Effective inhibition of cccDNA derived mRNA/viral antigens and tolerability with ARC-520

Abstract

BACKGROUND: ARC-520, an RNA interference drug, targets ccc-DNA-derived mRNA in chronic hepatitis B patients (CHB); herein we report tolerability/activity in normal healthy volunteers (NHV) and CHB. METHODS: 54 NHV (36 ARC-520, 18 placebo) and 58 CHB (48 ARC-520, 10 placebo) were included. At entry, 32 of 38 HBeAg-neg and 14 of 20 HBeAg-pos CHB had taken entecavir for mean 5 years (range 2–8) and continued throughout the study. NHV and CHB received 0.01 to 4 mg/kg IV ARC-520 or placebo; CHB had viral parameters measured. RESULTS: ARC-520 therapy was well tolerated—67 % NHV (placebo or ARC-520) and 23 % CHB reported a mild or moderate adverse event (AE) with no AE rated serious, severe, or causing withdrawal. A modest occurrence of abnormal laboratory tests was observed. Two NHV showed moderate hypersensitivity reactions (urticarial rash, flushing) during infusion. After addition of pretreatment oral antihistamine, no hypersensitivity reactions were seen. ARC-520 reduced viral antigens with qHBeAg best reduction of 1.7 log (mean max 1.2 log) following a single 4 mg/kg dose.

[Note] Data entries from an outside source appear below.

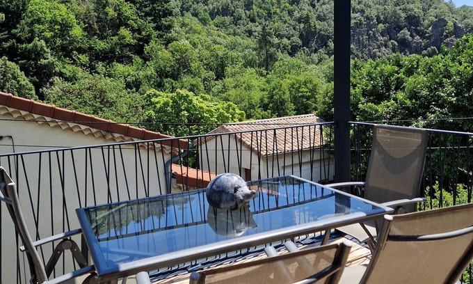 Located in Vallées-d'Antraigues-Asperjoc, this 2-bedroom, 1-bathroom apartment lets you experience it all. Fans of nature and the outdoors will love being within a 5-minute walk of Monts d'Ardèche Regional Nature Park and 9 minutes by car from Thermes de Vals-Les-Bains. If you'd like to explore the area, you can make the 25-minute drive to Devil's Bridge or the 15-minute drive to Château d'Aubenas.
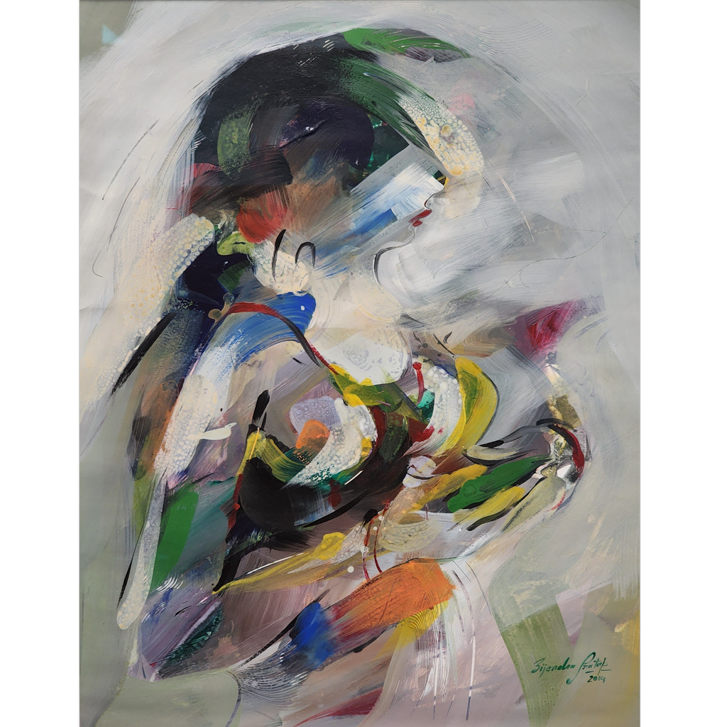 The painting is an abstract work by Bijendra Pratap, a watercolor artist from India. The painting is called The Stance and it depicts a woman in a colorful dress standing in front of a light background. The painting is made with gouache, a type of opaque watercolor, and it is framed in a wooden frame.
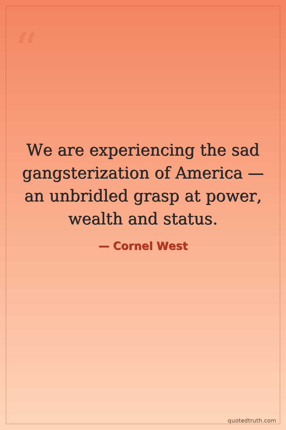 We are experiencing the sad gangsterization of America — an unbridled grasp at power, wealth and status.
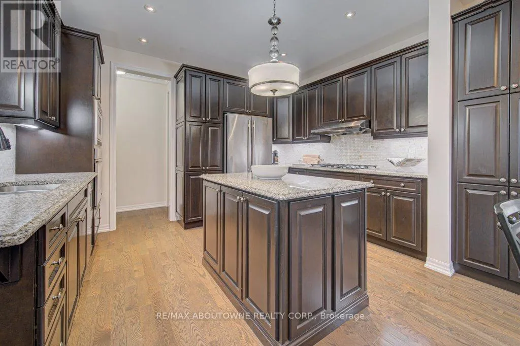 Stunning detached 4+1 bedroom 2-storey home in The Preserve, one of Oakville’s most sought-after Uptown neighbourhoods. This meticulously maintained residence is loaded with upgrades throughout. The main level features 9′ ceilings, hardwood floors, crown moulding, custom eat-in kitchen with centre island, breakfast bar, high-end stainless steel appliances, built-in pantry, granite countertops, and a walk-out to an incredible backyard
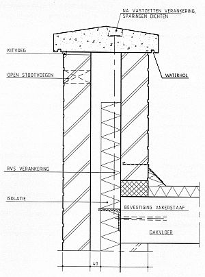 muurdeksel, constructief, met vastzetten (verankering muurdeksel; sparingen dichten), waterhol, en in muur bij muurdeksel kitvoeg, open stootvoeg, rvs verankering, bevestiging ankerstaaf, isolatie; onder het balkon of dakterras bevindt zich hier waarschijnlijk een appartement (knb keramiek, aangepast): ![]() |
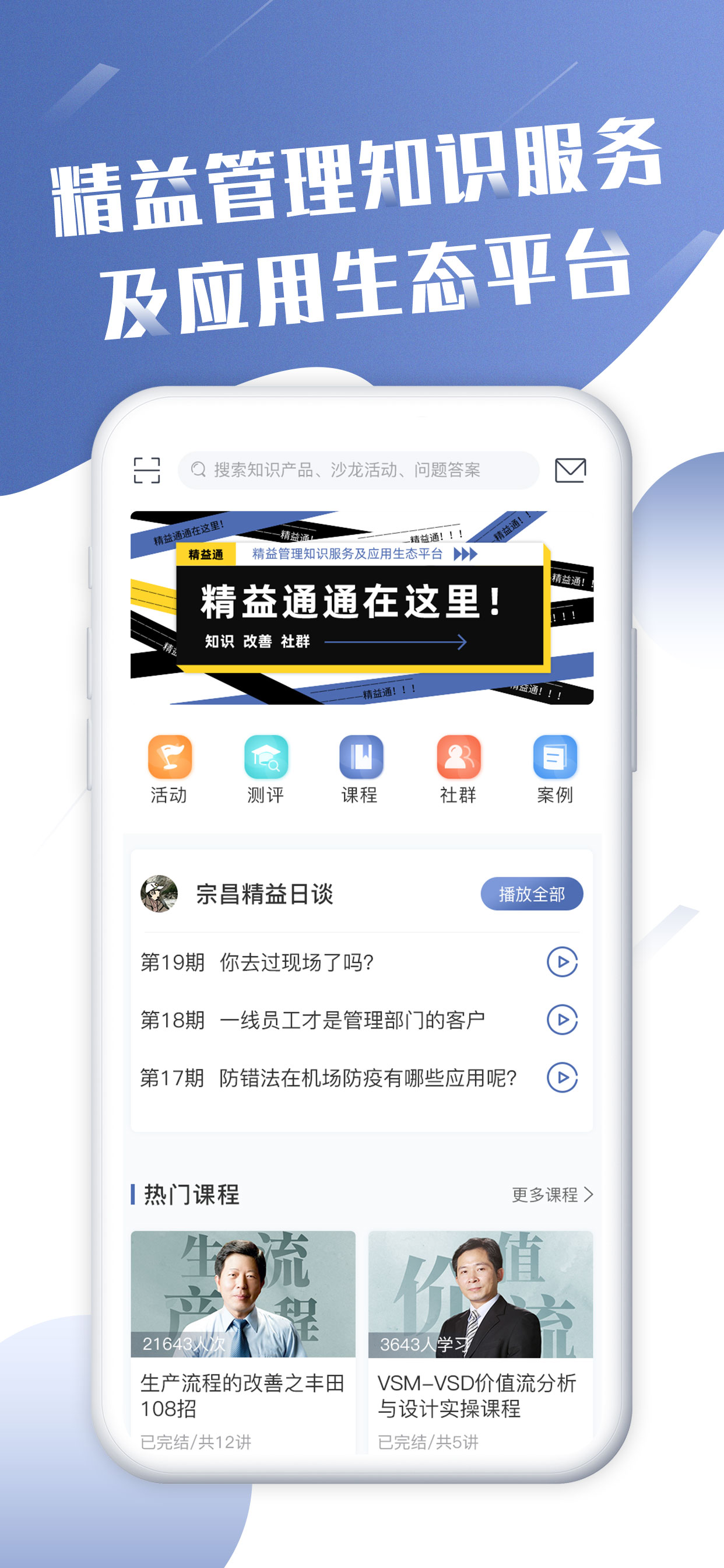 在知识服务板块,为用户提供了丰富多样的专业精益知识学习途径。用户能够通过观看视频课程、收听音频、阅读文章、观看直播、参与线上答疑以及进行能力测评等全方位的方式来学习精益知识。
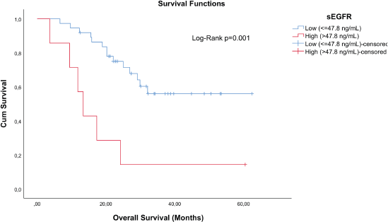 Figure 3. Cumulative survival curves by the KM estimator according to sEGFR levels in TN patients (n = 44). Lower sEGFR levels were associated with increased overall survival (blue curve), compared to those with higher levels (red curve).

In treatment-naïve CHB, best qHBsAg reductions of 1.9 log (mean max 1.3 log) in HBeAg-pos and 0.8 log (mean max 0.3 log) in HBeAg-neg were observed. Similar reductions in HB core related antigen were observed where measurable. CONCLUSIONS: (1) ARC-520 effectively inhibited cccDNA-derived mRNA with protein reductions up to 1.9 logs (99 %) (2) ARC-520 was well tolerated and hypersensitivity symptoms were controlled by antihistamine pretreatment. (3) This is the first time direct antiviral effects on HBeAg and HBsAg have been demonstrated.